The fibulin-1 cDNA template was synthesized by reverse transcription polymerase chain reaction (RT-PCR). One microgram of total RNA from the BG1 cell line was reverse transcribed as described. 23 The PCR primers used were the 5′ end primer CCGGAGTGGACGCGGATG (FibD, 84 to 102 bp) and the 3′ end primer GCCAACCATGAGGCTGTACTCG (FibR, 387 to 409 bp). One microliter of the RT product was amplified by PCR in a final volume of 25 μl containing 20 mmol/L Tris/HCl (pH 8.55), 16 mmol/L (NH4)2SO4, 2.5 mmol/L MgCl2, 50 μmol/L dNTP, with 5 pmol of oligonucleotides, and 0.125 U of Taq DNA polymerase (Bioprobe, Montreuil, France). After an initial 2-minute denaturation step at 94°C, 36 rounds of PCR amplification were carried out on a DNA thermocycler (Perkin Elmer, Courtaboeuf, France). One cycle included 30 seconds denaturation at 94°C, 30 seconds annealing at 60°C, and 1 minute extension at 72°C. The samples underwent a final 7-minute extension step at 72°C. RT-PCR products were eluted from a 0.8% agarose gel using QIAquick gel extraction (QIAgen, Courtaboeuf, France) according to the manufacturer’s instructions. The PCR product was then subcloned in the pGEMT plasmid (Promega, Charbonnières, France).

Digoxigenin-labeled antisense and sense RNA probes were synthesized with the Dig labeling transcription kit according to the manufacturer’s instructions using T7 and SP6 RNA polymerase (Boerhringer Mannheim, Mannheim, Germany). Labeling efficiency was estimated using serial dilutions of the labeled probes that were spotted and fixed on a nylon membrane. The sense probe dilution was adjusted to the antisense probe dilution.
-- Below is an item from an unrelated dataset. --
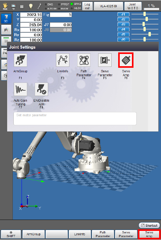 After the [Joint Settings] window appears, press [F6 Servo Amp].

Adjacent 5- to 7-μm tissue sections were collected on Silane-prep slides (Sigma Diagnostics, St. Louis, MO) and fixed with paraformaldehyde (4%) in 0.1 mol/L phosphate buffer (PB; pH 7.4) at room temperature for 30 minutes. Slides were dehydrated in ethanol. In situ hybridization was performed as described. 24 The antisense and sense probes were added to the tissue at a final concentration of 40 ng/μl in 20 μl of hybridization buffer. Hybridization was carried out at 42°C overnight in a humid chamber. Slides were incubated with polyclonal sheep anti-digoxigenin Fab fragments conjugated with calf intestinal alkaline phosphatase (Boehringer Mannheim), diluted 1:1000 at room temperature for 120 minutes. Color slides were developed overnight using nitroblue tetrazolium salt and 5-bromo-4-chloro-3-indoyphosphate in the presence of 24 mg/100 ml of levamisole. Slides were mounted with Glycergel (Dako, Carpinteria, CA) and stored in a dark box at 4°C.
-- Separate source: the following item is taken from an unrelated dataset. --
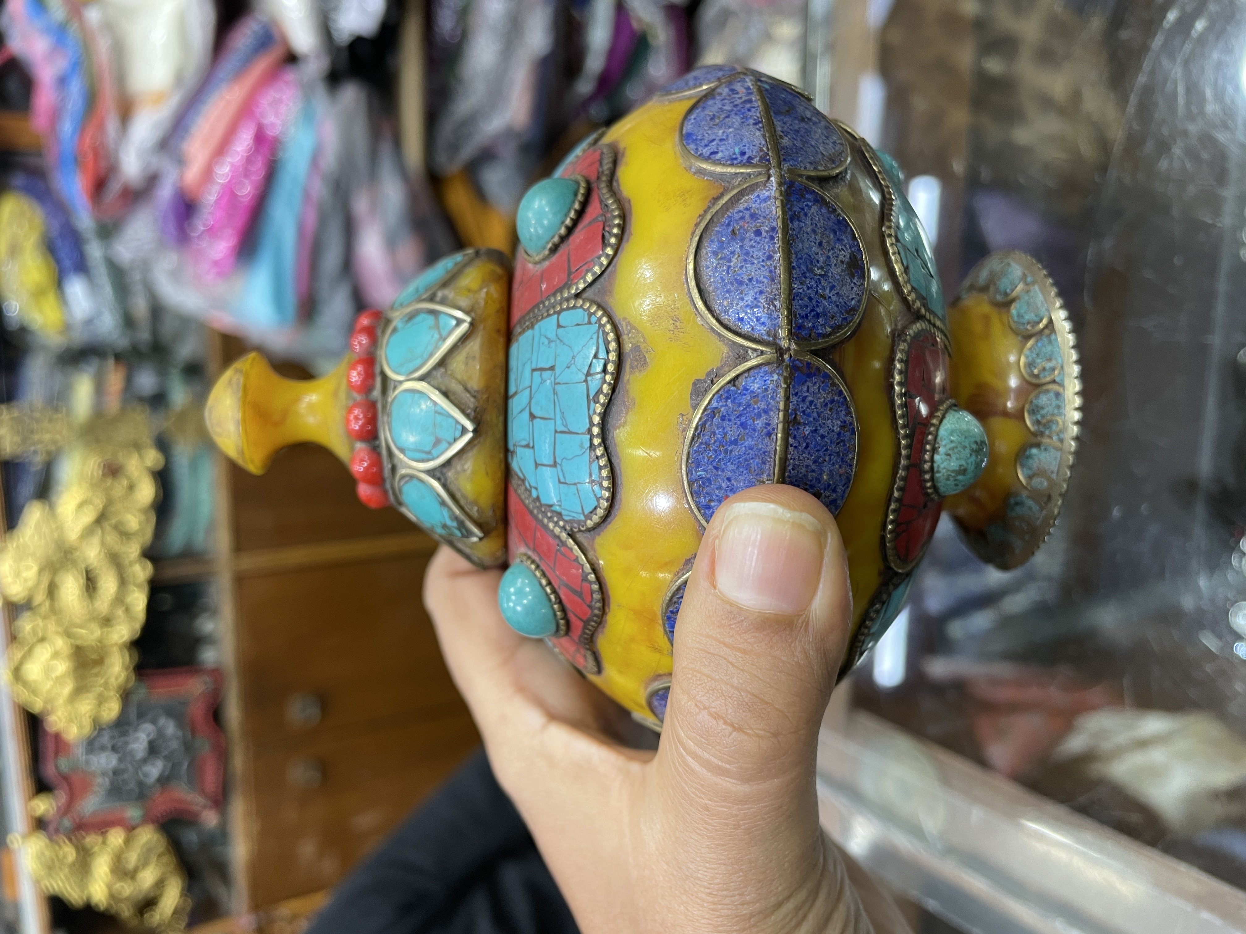 The first morning in Gangtok we visited a stupa called Do Drul Chorten which is the biggest and most significant monument in Sikkim. It is surrounded by 108 Mani Lhakor or prayer wheels. It was built by Trulshik Rinpoche , head of the Nyingma order of Tibetan Buddhism in 1945. Right next to the stupa is the Institute of Tibetology, a museum. Established in 1958, the museum holds one of the largest collections of Tibetan works in the world outside Tibet. It has very well laid out artefacts and rare collections of Thangkas. These are buddhist paintings on cotton or silk appliqué depicting buddhist culture with usually some deities.

For each sample, slides without any probe, sections hybridized with sense oligonucleotide probe, and slides treated with RNAse A before hybridization were used as nonspecific staining controls. mRNA integrity was controlled by amplification of the GAPDH housekeeping gene on adjacent sections.

Statistical Analysis

The data were analyzed using the STAT-ITCF package (Institut Technique de Céréales et des Fourrages, Paris, France).

Results

Fibulin-1 Staining

In normal ovaries, fibulin-1 was generally weakly stained in the stroma close to surface epithelial cells and strongly stained in the vascular vessel walls.
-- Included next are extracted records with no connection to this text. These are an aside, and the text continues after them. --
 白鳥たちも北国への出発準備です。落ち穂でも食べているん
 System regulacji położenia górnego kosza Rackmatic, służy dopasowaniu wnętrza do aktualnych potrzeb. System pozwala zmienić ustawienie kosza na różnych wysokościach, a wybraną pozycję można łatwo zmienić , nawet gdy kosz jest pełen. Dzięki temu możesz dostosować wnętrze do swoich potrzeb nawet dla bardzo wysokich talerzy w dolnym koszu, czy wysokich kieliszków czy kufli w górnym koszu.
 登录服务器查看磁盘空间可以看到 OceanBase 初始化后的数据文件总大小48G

In most ovarian tumors, fibulin-1 was found in the stroma and not in tumor epithelial cells (Figure 1a) . The specificity of this stromal staining was shown using irrelevant antibody 11 (Figure 1c) and extinction by the addition of pure fibulin-1 in excess (Figure 1b) .

Figure 1.

Figure 1.

Specificity of immunohistochemical staining of fibulin-1. Adjacent sections from a serous ovarian carcinoma were treated with 2 μg/ml of the 3A11 anti-human fibulin-1 MAb alone (a), with a 100-fold excess of pure fibulin-1 (b), or with an irrelevant antibody (2 μg/ml UPC 10; (c)). Counterstaining was with hematoxylin. Bar, 50 μm.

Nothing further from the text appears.